[[ Data records open ]]

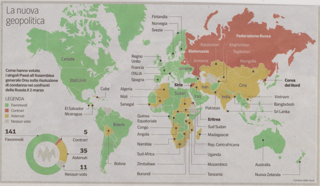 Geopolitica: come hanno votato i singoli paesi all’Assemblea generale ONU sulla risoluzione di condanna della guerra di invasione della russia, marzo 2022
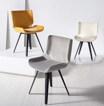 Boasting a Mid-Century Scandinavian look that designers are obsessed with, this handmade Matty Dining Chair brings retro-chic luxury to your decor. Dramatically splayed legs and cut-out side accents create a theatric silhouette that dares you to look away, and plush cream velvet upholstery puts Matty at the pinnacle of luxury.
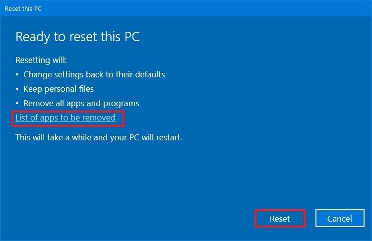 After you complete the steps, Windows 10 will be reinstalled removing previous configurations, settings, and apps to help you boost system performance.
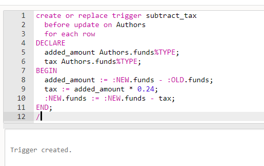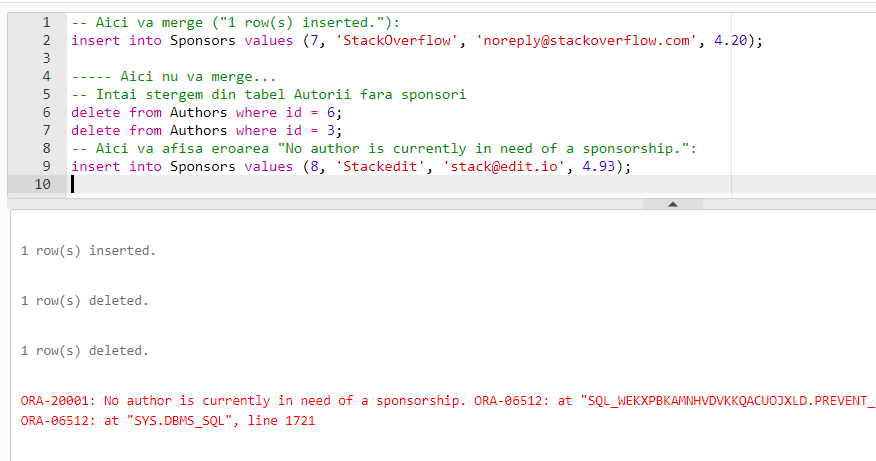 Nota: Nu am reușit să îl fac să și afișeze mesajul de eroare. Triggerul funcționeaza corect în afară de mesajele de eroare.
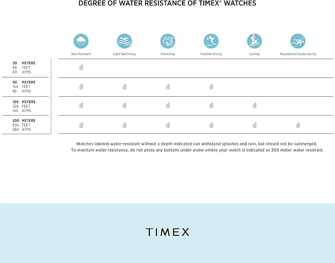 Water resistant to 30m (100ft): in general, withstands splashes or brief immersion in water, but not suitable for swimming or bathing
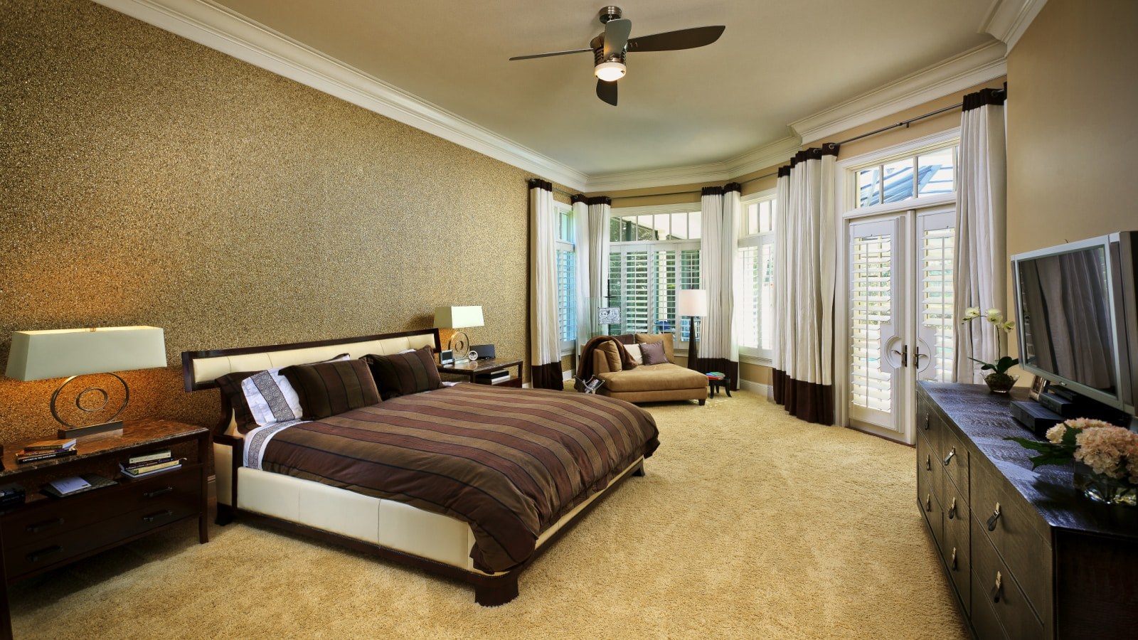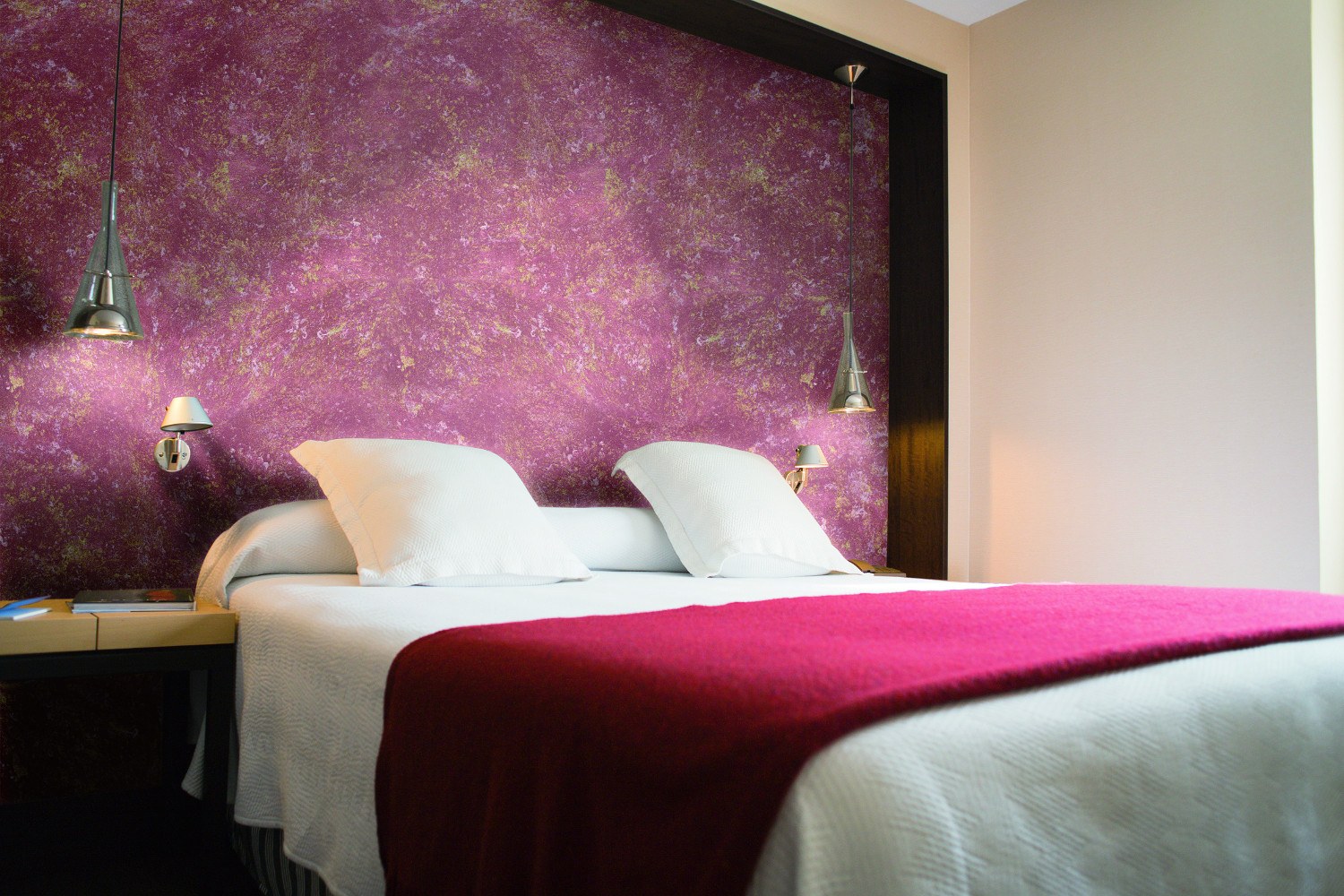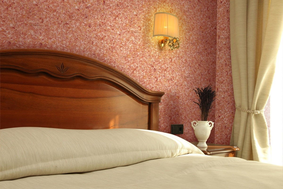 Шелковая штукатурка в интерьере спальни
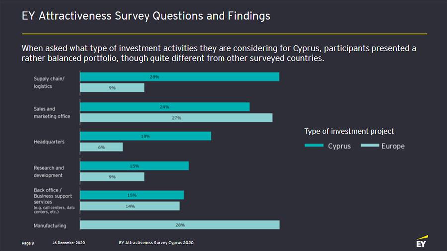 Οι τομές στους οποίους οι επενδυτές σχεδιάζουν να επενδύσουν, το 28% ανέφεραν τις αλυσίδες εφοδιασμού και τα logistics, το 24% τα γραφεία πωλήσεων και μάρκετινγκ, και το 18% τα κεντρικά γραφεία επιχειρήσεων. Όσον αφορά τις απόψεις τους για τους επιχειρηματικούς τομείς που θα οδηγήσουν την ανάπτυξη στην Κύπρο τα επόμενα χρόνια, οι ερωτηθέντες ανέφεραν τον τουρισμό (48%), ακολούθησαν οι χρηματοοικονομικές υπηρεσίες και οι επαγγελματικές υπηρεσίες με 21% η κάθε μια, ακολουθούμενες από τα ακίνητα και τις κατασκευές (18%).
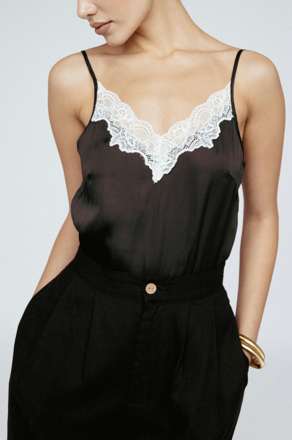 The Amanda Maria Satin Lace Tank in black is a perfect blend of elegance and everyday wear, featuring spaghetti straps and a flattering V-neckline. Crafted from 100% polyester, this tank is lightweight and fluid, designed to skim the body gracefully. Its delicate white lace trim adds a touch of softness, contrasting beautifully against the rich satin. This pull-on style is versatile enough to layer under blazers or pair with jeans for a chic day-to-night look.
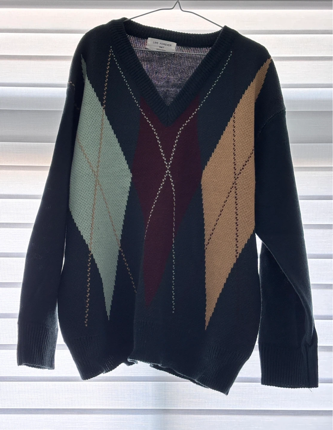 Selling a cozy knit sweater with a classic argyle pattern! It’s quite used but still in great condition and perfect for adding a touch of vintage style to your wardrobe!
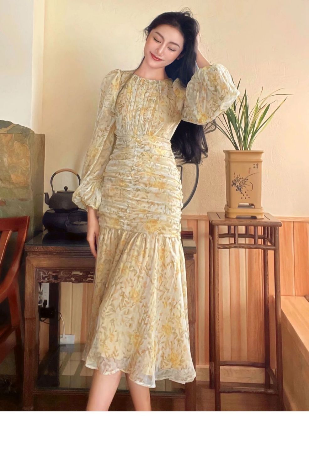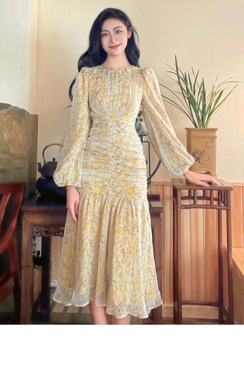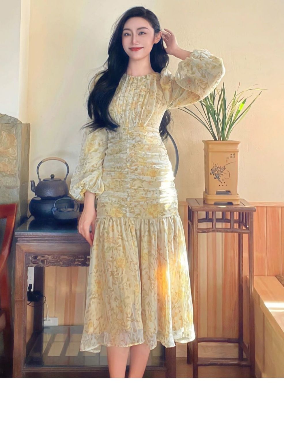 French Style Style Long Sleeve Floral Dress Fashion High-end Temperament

[[ Data records closed ]]
[[ Data records open ]]

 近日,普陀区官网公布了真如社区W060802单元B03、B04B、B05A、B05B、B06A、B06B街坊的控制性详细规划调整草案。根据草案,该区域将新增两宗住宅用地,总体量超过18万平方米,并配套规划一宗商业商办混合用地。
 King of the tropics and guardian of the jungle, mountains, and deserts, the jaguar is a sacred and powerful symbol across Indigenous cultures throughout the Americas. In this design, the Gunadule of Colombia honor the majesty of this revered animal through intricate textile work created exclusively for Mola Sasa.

[[ Data records closed ]]

Set down exactly the lines above, from the line containing "Шелковая штукатурка в интерьере спальни" through the line containing "The Amanda Maria". Skip the pictures.

§ Output below
 Шелковая штукатурка в интерьере спальни
 Οι τομές στους οποίους οι επενδυτές σχεδιάζουν να επενδύσουν, το 28% ανέφεραν τις αλυσίδες εφοδιασμού και τα logistics, το 24% τα γραφεία πωλήσεων και μάρκετινγκ, και το 18% τα κεντρικά γραφεία επιχειρήσεων. Όσον αφορά τις απόψεις τους για τους επιχειρηματικούς τομείς που θα οδηγήσουν την ανάπτυξη στην Κύπρο τα επόμενα χρόνια, οι ερωτηθέντες ανέφεραν τον τουρισμό (48%), ακολούθησαν οι χρηματοοικονομικές υπηρεσίες και οι επαγγελματικές υπηρεσίες με 21% η κάθε μια, ακολουθούμενες από τα ακίνητα και τις κατασκευές (18%).
 The Amanda Maria Satin Lace Tank in black is a perfect blend of elegance and everyday wear, featuring spaghetti straps and a flattering V-neckline. Crafted from 100% polyester, this tank is lightweight and fluid, designed to skim the body gracefully. Its delicate white lace trim adds a touch of softness, contrasting beautifully against the rich satin. This pull-on style is versatile enough to layer under blazers or pair with jeans for a chic day-to-night look.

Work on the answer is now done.